Opinion | Of All the Ways America Is Divided, This One Might Be the Worst

Everyone I know or am evenly dimly aware of now falls into one of these two categories. There is no middle ground, and no easy way to avoid the question, especially during a holiday like Thanksgiving. I count myself firmly in the vaccinated group, forced to keep my distance from the nearly 20 percent of American adults who still haven’t received a single dose. I don’t like the firm lines I’ve had to draw between myself and unvaccinated others. But I don’t have a choice; this is about survival. Beyond wanting to protect my own health and the health of those in my immediate circle, I simply can’t entertain anyone’s refusal to keep all of us — our society — safe.

Week in and week out, CDC update by CDC update, vaccine resistance reminds us that Americans today take the notion of interdependence less and less seriously at precisely the moment they need to be doing the opposite. Of all the forms that radical individualism takes these days — people arming themselves to the teeth to “protect their freedoms” comes to mind — not vaccinating has become the most consistent and the deadliest. To me, it’s also the most bewildering. The pedestrian nature of getting a shot that’s overwhelmingly been proven safe and efficacious, not to mention free, is what makes refusing to do it so petty and so insidious. So un-American.

I do not use that word lightly. For my whole life, I’ve maintained a stubborn willingness to believe in an America, even a small one, that sees itself as working toward becoming a single people. As an African American, I’ve always felt outside the possessive pronouns of “we” and “our” and “us,” yet that didn’t make me indifferent — to the contrary, it made me more passionate about claiming my rightful place in it all, about fighting to become an equally considered part of the American “we.”

But for the first time, that passion is waning. The vaccine avoidance that’s steadily hardened into an American norm is building in me a sense of loss that’s turning out to be deeper and more sustained than I expected. In Thanksgivings past, I always assumed a critical mass of Americans was searching for connection as much as I was: In my mind, we were not one people, but we wanted to be. The arc of interdependence was long, but it was always bending in the right direction. I no longer believe this.

The most disorienting thing about the new vaccination binary is how it’s nearly superseding the racial binary of Black and white that’s framed my view of America, and my view of its moral sense, my whole life. There’s no question that race and racism deeply divide and threaten the coherence of our society. But to not draw the lines of vaccinated and non, to simply agree to disagree with the vaccine-resistant, is life-threatening in an even more immediate way than racism is.

People of all colors are on the wrong side of this line. It’s more than ironic — to me, it’s tragic — that the vaccine resisters are not just MAGA types, but also members of my own Black community. The number of neighbors, family and friends I have who are unvaccinated isn’t high, but it’s enough to feel like a betrayal. It’s enough to erode the “we” of the Black collective — a critical subset of the bigger American “we” — that’s long hewed to a pact to look out for each other’s welfare because America wouldn’t or wasn’t interested. To not vaccinate, and therefore to not protect the lives of other Black folks, is to break that pact, with predictably terrible results: Black Americans, already overrepresented in a whole array of bad health outcomes, are being hospitalized and dying of Covid at higher rates than white Americans.
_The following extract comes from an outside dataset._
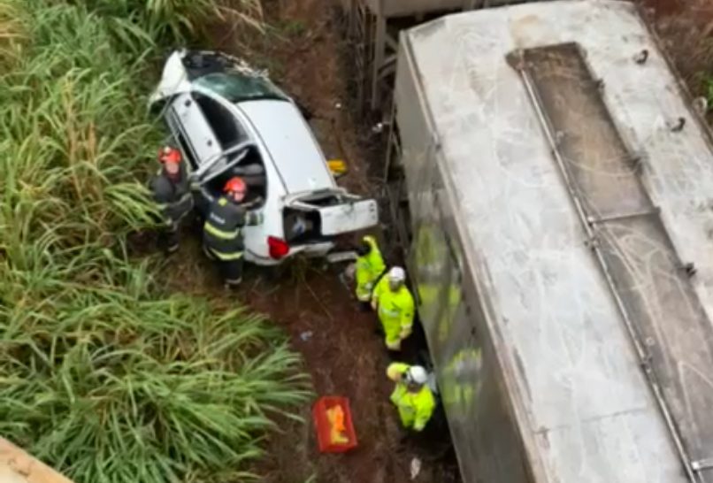 Duas mulheres ficaram feridas, no final da madrugada deste domingo, 23 de novembro, após se envolverem em um acidente de trânsito. O acidente ocorreu na Rodovia Anhanguera, no trecho urbano de Ribeirão Preto, quando o carro caiu em um barranco, parando ao lado de um trem que seguia na linha férrea.

To those who like to cite the Tuskegee experiment begun in the 1930s as reason to reject the Covid vaccine now: That is not this. Tuskegee was a medical experiment that maliciously used Black men as guinea pigs, refusing them treatment that would have saved their lives. The Covid vaccine was the product of public health emergency and was developed in record time presumably without race in mind at all, which, in a certain context, is a good thing.

Maybe it sounds odd, but lately I’ve found a degree of hope about American interconnectedness not in reality but in fiction: the Marvel and DC movies. In this enduringly popular multiverse are superheroes who are Black and white, fantastic individuals with divergent storylines, but who live and die as a group. In the Avengers and the Justice League, true heroism belongs not to any one character or to any one act, or non-act, but to all of them simultaneously. And that fantastic but ordinary heroism of simply coming together, as years of sequels and prequels and various enterprises to save the world from evil individualism make clear, never ends. Even in the comic book world’s darkest moments — especially in its darkest moments — the heroism of interconnectedness is always in the air.

Yes, it’s pop-culture fantasy that hardly suffices for the kind of progress we need right now; in some ways, it’s probably a distraction. Still, I believe our enthusiastic embrace of these comic-book narratives, and the idealism embedded in them, is real. Many of us still want to be heroes; I’d like to think we’re just confused about what that looks like. Vaccinations are a good place to start.